Other lawmakers want to cut spending on problem gambling treatment entirely. State Sen. Ben Kieckhefer has proposed redirecting the other half of the slot machine money toward autism treatment programs that might also be on the chopping block.

"Treatment for problem gamblers is a needed service, but there are private treatment options," said Kieckhefer, a Republican from Reno. "When it comes to prioritizing the budget, I will take an autistic child over a problem gambler any day of the week."

The Problem Gambling Center offers outpatient counseling virtually free of charge to hundreds of patients each year.

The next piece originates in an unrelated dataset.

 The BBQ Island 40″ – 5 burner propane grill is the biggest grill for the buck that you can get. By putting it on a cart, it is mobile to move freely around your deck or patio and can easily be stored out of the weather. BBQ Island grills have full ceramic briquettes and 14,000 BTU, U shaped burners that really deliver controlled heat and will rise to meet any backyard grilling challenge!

Private donations, including contributions from gambling companies, make up more than half of the organization's annual $410,000 budget.

"By any measure, we're a shoestring operation, which is ironic given that Las Vegas is the gambling mecca of the world," said Robert Hunter, the center's clinical director. "If we lost state funding, it wouldn't kill us, but we would be forced to make some dramatic cuts."

Still, Bo Bernhard, a sociologist at the University of Nevada, Las Vegas, said state money had been a boon to gambling addiction treatment, which he found to be effective for 19 of every 20 patients.

"Problem gambling treatment works in Nevada, not only in reducing gambling, but with housing and employment situations," Bernhard said. "Unfortunately, this is the sort of thing that gets cut during down times."